What happens if, during the optimization task sent to an island, an exception happens? The island has the possibility to rethrow the first encountered exception, in the main thread, via a call to its method wait_check(). Assume, for example that your problem or algorithm is somehow throwing (I know, what are the chances right?). To illustrate this case, we are going to use the following UDP:

>>> class raise_exception:
...     def __init__(self):
...         self.counter=0;
...     def fitness(self,dv):
...         if self.counter == 300:
...             raise ValueError("Ops!")
...         self.counter += 1
...         return [self.counter]
...     def get_bounds(self):
...         return ([0],[1])
...     def get_name(self):
...         return "A throwing UDP"

We construct an island:

>>> isl = pg.island(algo = pg.de(100), prob = raise_exception(), size=20, udi=pg.ipyparallel_island())

Note

We have explicitly passed the udi argument to the island constructor and selected an ipyparallel island. This requires that a cluster is started typing, for example, the command ipcluster start.

This construction will trigger \(20\) function evaluations and thus will not throw. Let us now run an evolution:

>>> isl.evolve()
>>> isl.wait()

Everything looks fine: in our thread nothing really happened nor threw. But if we, for example inspect the island we get:

>>> print(isl) 
Island name: Ipyparallel island
    Status: idle - **error occurred**

Extra info:
    Queue status:

    (unassigned, 0)
    (0, {'queue': 0, 'completed': ..., 'tasks': 0})
    (1, {'queue': 0, 'completed': ..., 'tasks': 0})
    (2, {'queue': 0, 'completed': ..., 'tasks': 0})
    (3, {'queue': 0, 'completed': ..., 'tasks': 0})
    (4, {'queue': 0, 'completed': ..., 'tasks': 0})
    (5, {'queue': 0, 'completed': ..., 'tasks': 0})
    (6, {'queue': 0, 'completed': ..., 'tasks': 0})
    (7, {'queue': 0, 'completed': ..., 'tasks': 0})

Algorithm: Differential Evolution

Problem: A throwing UDP

Population size: 20
    Champion decision vector: ...
    Champion fitness: ...

What has happened?

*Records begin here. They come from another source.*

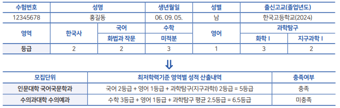 ※ 약학대학, 의과대학, 수의과대학은 과학탐구 2과목을 반드시 응시하여야 하며, 취득 등급의 평균을 반영함
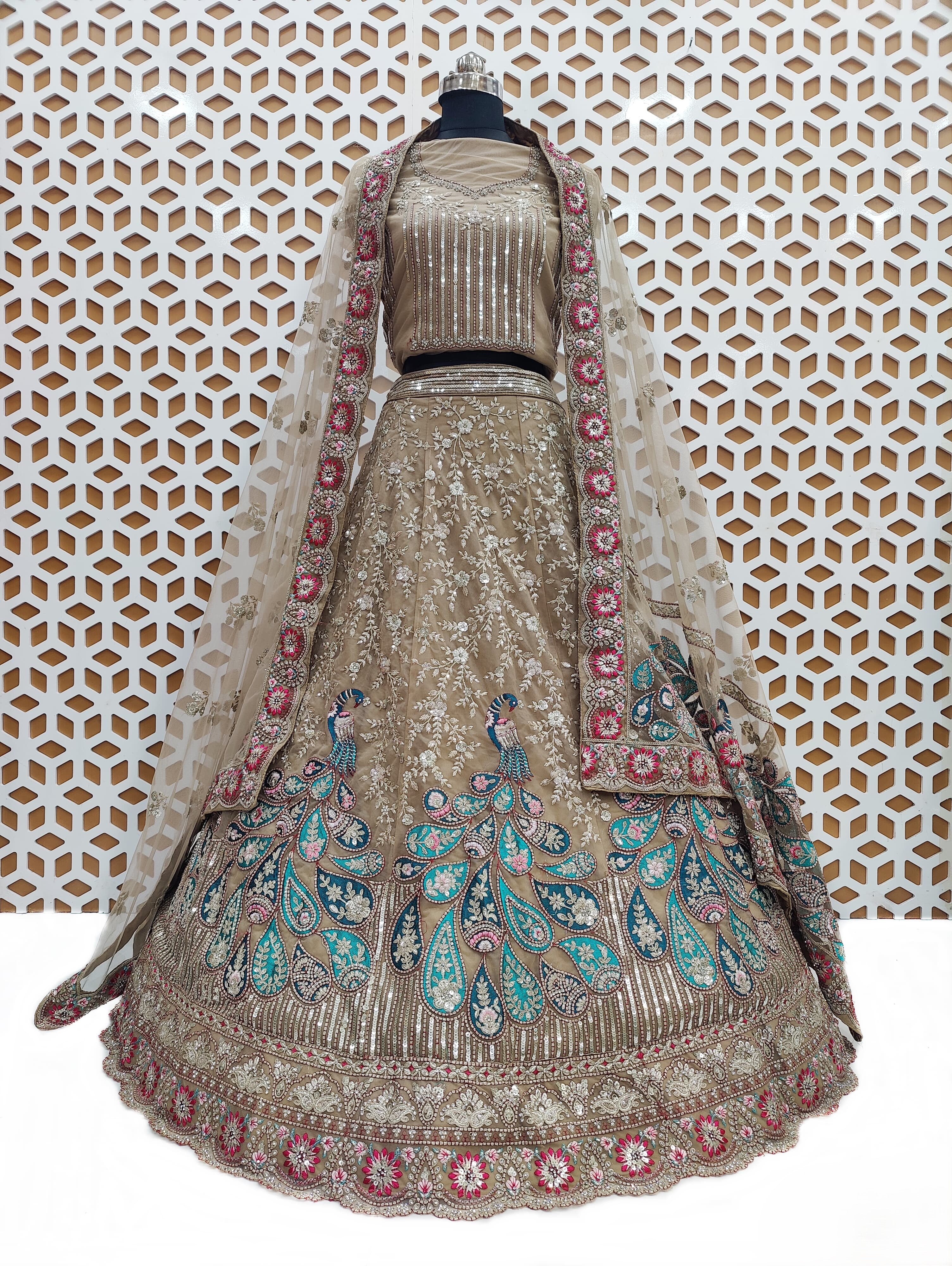 The Peacock Embroidery Design Net Lehenga is a luxurious, nature-inspired choice for those looking to make a bold, elegant statement at any special event.
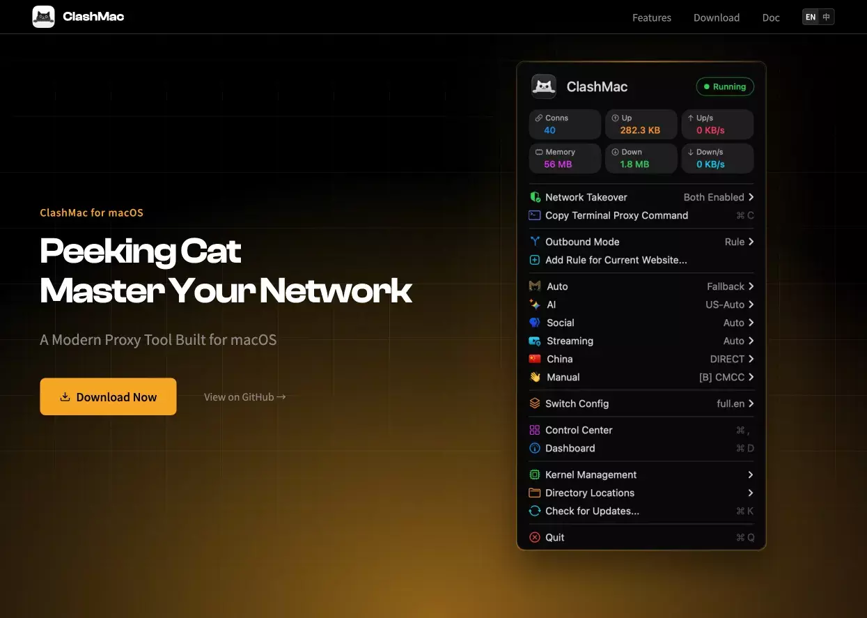 ClashMac是一款轻量级的macOS菜单栏客户端,采用SwiftUI开发,旨在高效与系统无缝集成。它提供了便捷的网络接管功能,支持一键开启和关闭系统代理以及增强模式。ClashMac还具备实时流量监控、流量统计和连接数等可视化面板,用户可以通过Web控制面板进行管理,同时应用内更新功能能够自动检测和安装新版本。用户可以在Releases页面下载适用于Apple Silicon或Intel Mac的最新版本,安装过程简单。需要注意的是,由于该应用未经过Apple公证,可能会遇到安全警告,用户可根据提供的解决方法解除限制。ClashMac使用了多个第三方开源组件,相关许可证列表可在项目页面查看。
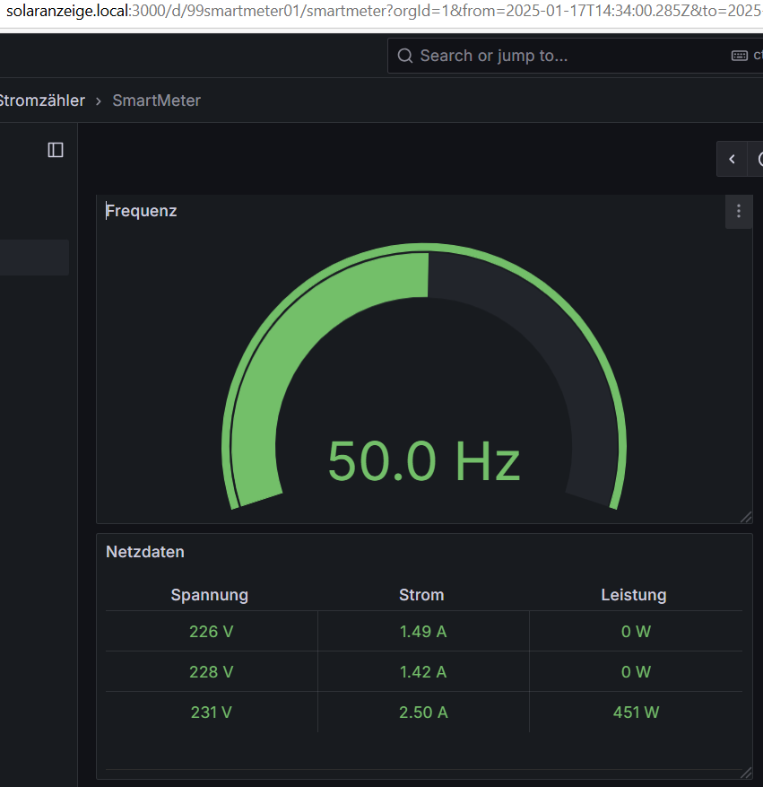 Fangen wir mit dem Dashboard an. Wer hat das erstellt? Dann schaue einmal in das Panel, dort werden bestimmt falsche Datenbankfelder abgefragt. Ein Standard Dashboard von der Solaranzeige gibt es für den SDM630 nicht. Ich gehe davon aus, dass man das Dashboard vom SDM230 benutzt hat, der nur eine Phase hat.
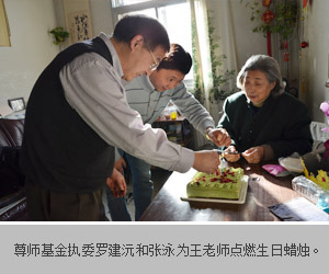 在2012年的最后一天,尊师基金的执委罗建沅、张泳和秘书处白丽娟老师来到王季麟老师家中为她庆祝八十岁生日。
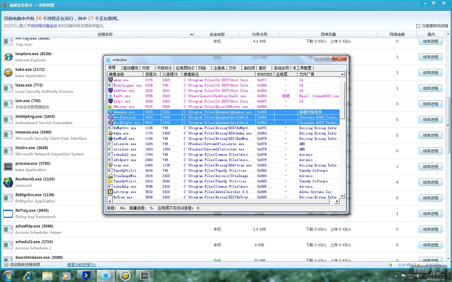 结果令人失望:用瑞星助手一一结束“av专用播放器”相关的木马+流氓进程,瑞星助手“进程管理窗口”也显示这些进程被结束了(大图);好!用XueTr看看——木马+流氓进xxx的结束了吗?并未结束(小图蓝色高亮显示)。汗!

I need to retrieve that message!

>>> isl.wait_check() 
Traceback (most recent call last):
  File "/Users/darioizzo/miniconda3/envs/pagmo/lib/python3.6/doctest.py", line 1330, in __run
    compileflags, 1), test.globs)
  File "<doctest default[0]>", line 1, in <module>
    isl.wait_check()
RuntimeError: The asynchronous evolution of a pythonic island of type 'Ipyparallel island' raised an error:
Traceback (most recent call last):
  File "/Users/darioizzo/.local/lib/python3.6/site-packages/pygmo/_py_islands.py", line 403, in run_evolve
    return ret.get()
  File "/Users/darioizzo/miniconda3/envs/pagmo/lib/python3.6/site-packages/ipyparallel/client/asyncresult.py", line 167, in get
    raise self.exception()
  File "/Users/darioizzo/miniconda3/envs/pagmo/lib/python3.6/site-packages/ipyparallel/client/asyncresult.py", line 224, in _resolve_result
    raise r
ipyparallel.error.RemoteError: ValueError(Ops!)